EXERCISE BRIEF — Copy every line of the data below exactly as given, except for the pictures.

EXERCISE INPUTS section start

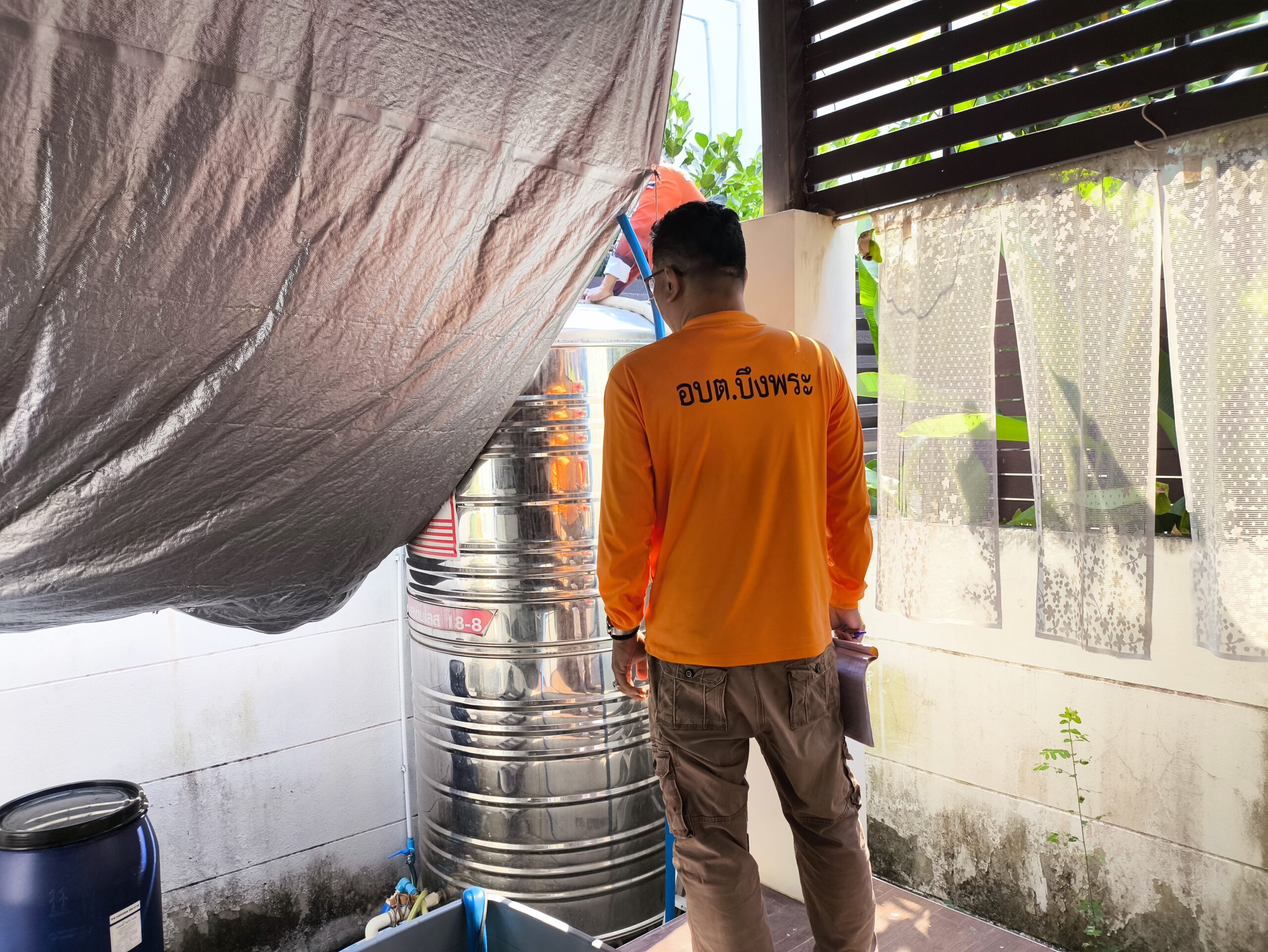 そして予定通り電話から1時間後に区の給水車が到着し、水タンクを満タンにしてくれた。
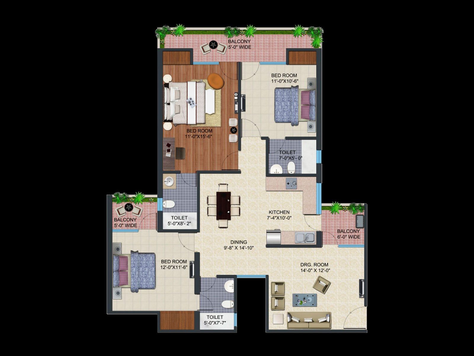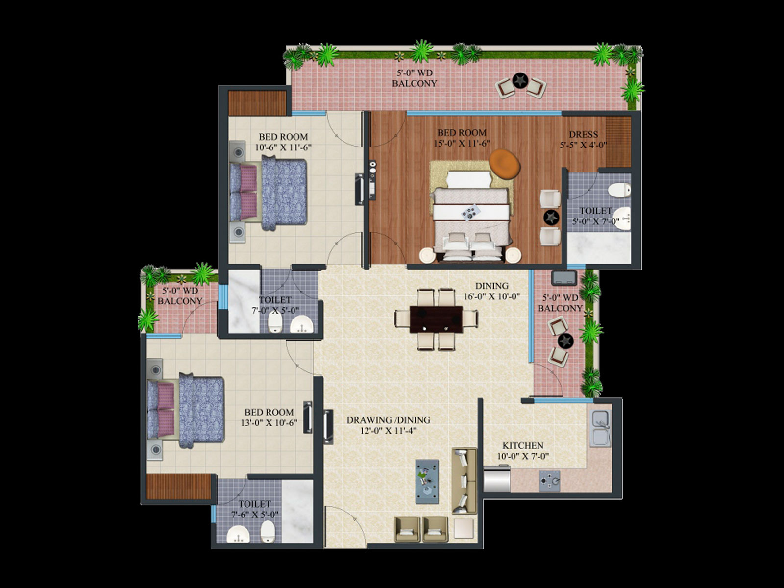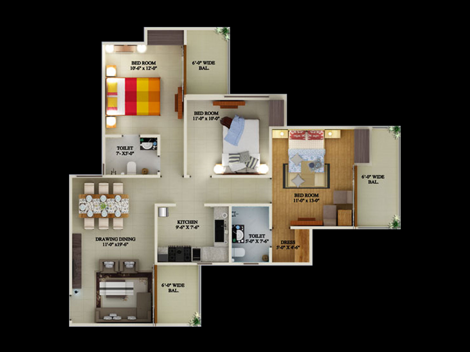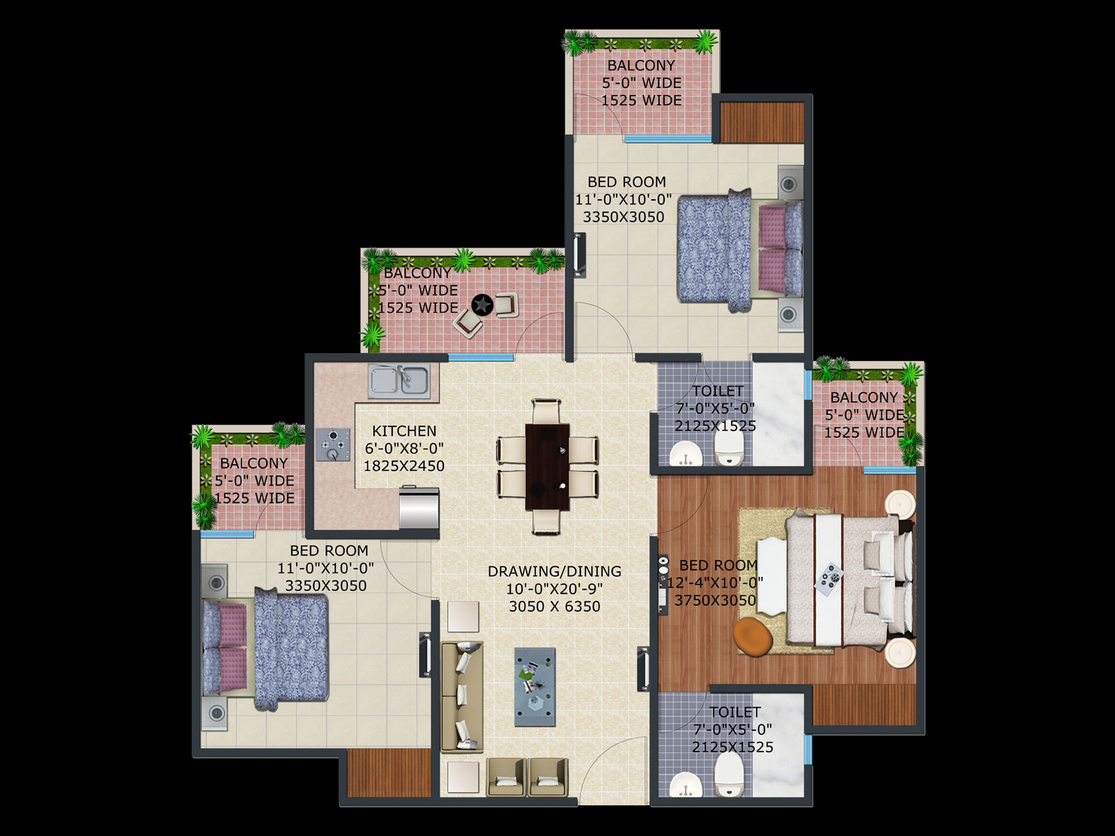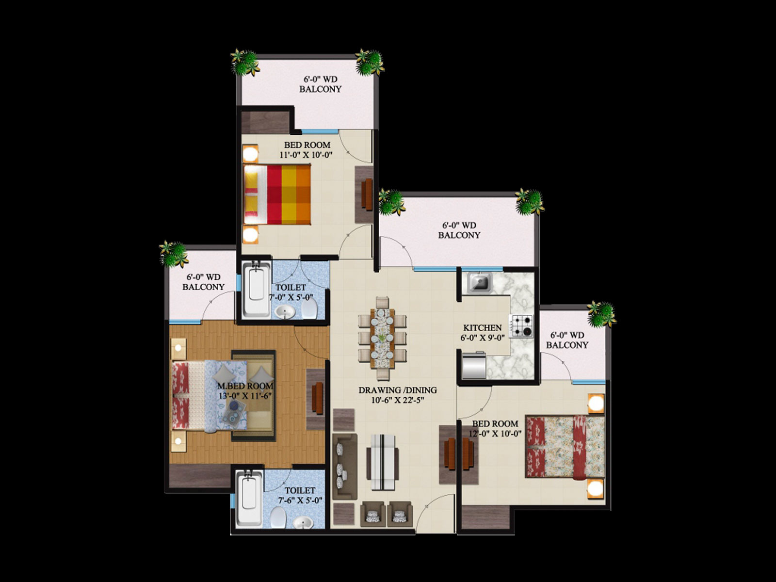 3 BHK + 3 Washrooms
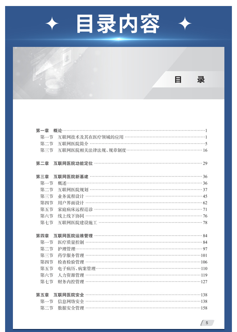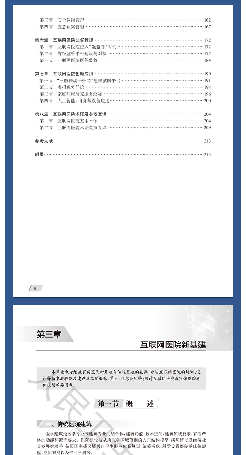 本书依据福建省地方标准《公立医疗机构互联网医院建设规范》,总结国内外互联网医院管理的**进展,主要内容包括互联网医院概论,互联网医院规划、建设,线上门诊、住院服务内容及流程优化设计,互联网医院运维(医疗质量控制、人力资源管理、财务内控管理、药事管理、护理管理、检查检验管理、电子病案管理),互联网医院安全管理,互联网医院监督管理,互联网医院术语翻译,以及附录等内容,将成为我国迄今为止最为完善的关于互联网医院建设与管理的专著。
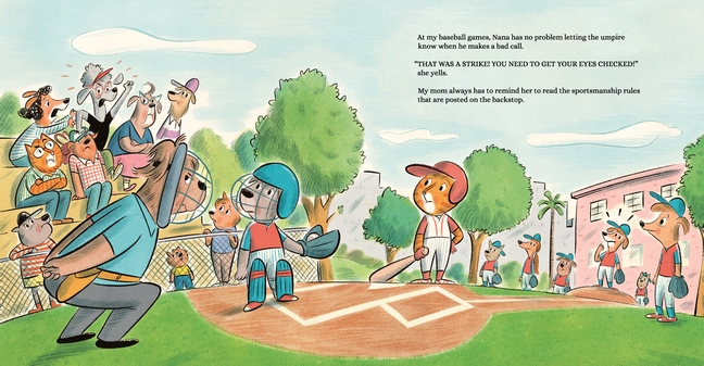 Who’s got a bigger fan than Nana? Not this little pup, whose Nana cheers him on at all his games, schedules her hair appointments around his swim meets, and buys up all his art at school auctions. Nana’s there to argue with the referees and dance in the aisles at recitals, but when she takes a spill and hurts her foot, Nana needs a fan to cheer her on, too: it’s not easy for someone to sit still when they’re used to being in constant motion! A cute little story about a grandmother who may be a little over-enthusiastic, judging by the expressions on folks when she’s pushing her way onto the swimming pool bench to nudge her grandson to the front of the line, or arguing a bad call with a referee during a softball game, Nana is relatable to a lot of us (some of my own loving, but not finest moments come to mind). What turns this around from being another “unconditional love from grandparent” story is how Nana is derailed by her injury – she’s super-competitive and an athlete, herself – and how her grandson has to use the motivation she always has ready for him to convince her that she can take it easy and take care of herself, with his help, just for a little while. Tender and funny, this is a good grandparent story for littles and the caregivers who love them.
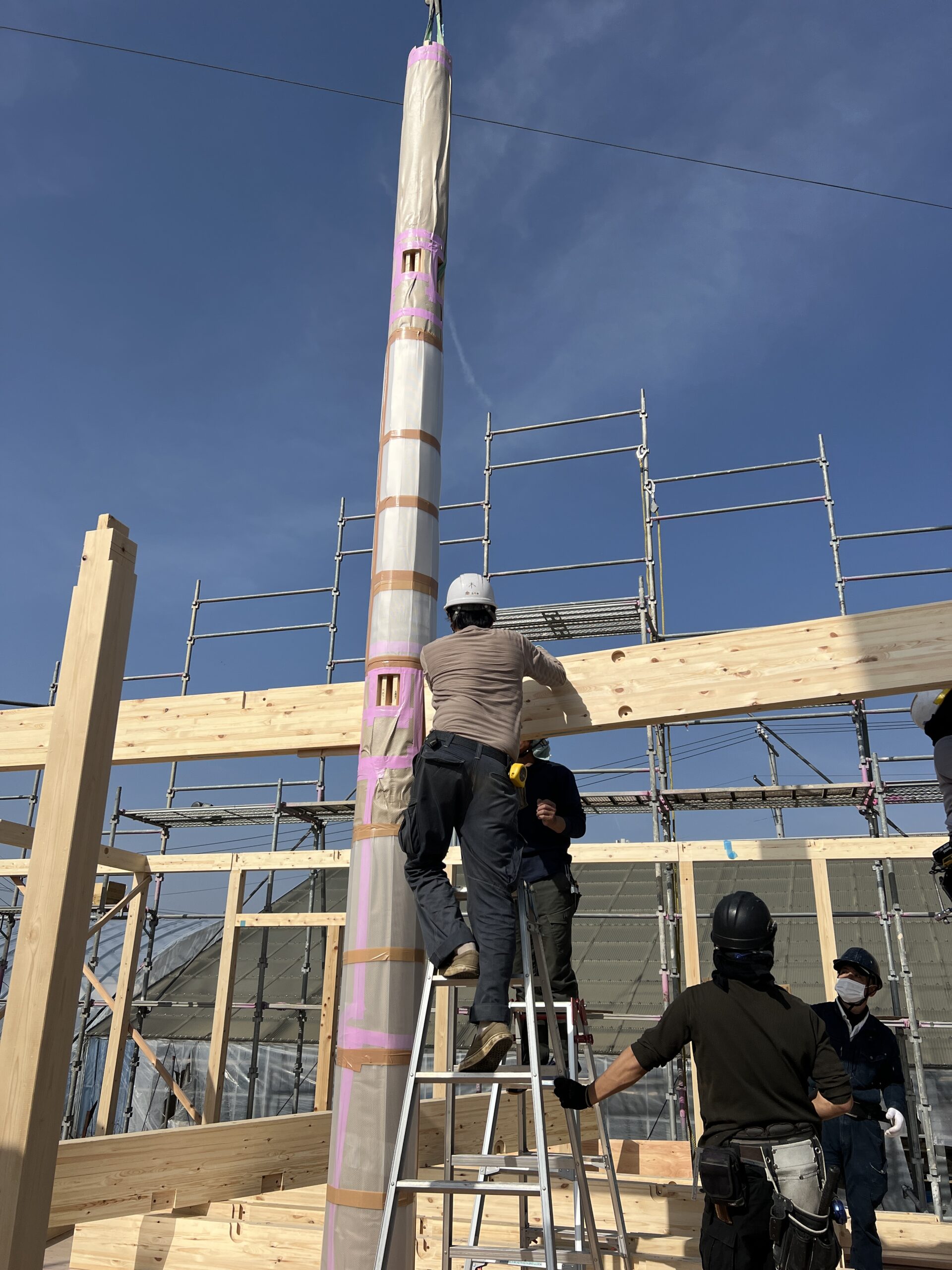 大黒柱が建っていく様子を僕も一緒に見届けさせて

EXERCISE INPUTS section end

ANSWER SECTION —
 そして予定通り電話から1時間後に区の給水車が到着し、水タンクを満タンにしてくれた。
 3 BHK + 3 Washrooms
 本书依据福建省地方标准《公立医疗机构互联网医院建设规范》,总结国内外互联网医院管理的**进展,主要内容包括互联网医院概论,互联网医院规划、建设,线上门诊、住院服务内容及流程优化设计,互联网医院运维(医疗质量控制、人力资源管理、财务内控管理、药事管理、护理管理、检查检验管理、电子病案管理),互联网医院安全管理,互联网医院监督管理,互联网医院术语翻译,以及附录等内容,将成为我国迄今为止最为完善的关于互联网医院建设与管理的专著。
 Who’s got a bigger fan than Nana? Not this little pup, whose Nana cheers him on at all his games, schedules her hair appointments around his swim meets, and buys up all his art at school auctions. Nana’s there to argue with the referees and dance in the aisles at recitals, but when she takes a spill and hurts her foot, Nana needs a fan to cheer her on, too: it’s not easy for someone to sit still when they’re used to being in constant motion! A cute little story about a grandmother who may be a little over-enthusiastic, judging by the expressions on folks when she’s pushing her way onto the swimming pool bench to nudge her grandson to the front of the line, or arguing a bad call with a referee during a softball game, Nana is relatable to a lot of us (some of my own loving, but not finest moments come to mind). What turns this around from being another “unconditional love from grandparent” story is how Nana is derailed by her injury – she’s super-competitive and an athlete, herself – and how her grandson has to use the motivation she always has ready for him to convince her that she can take it easy and take care of herself, with his help, just for a little while. Tender and funny, this is a good grandparent story for littles and the caregivers who love them.
 大黒柱が建っていく様子を僕も一緒に見届けさせて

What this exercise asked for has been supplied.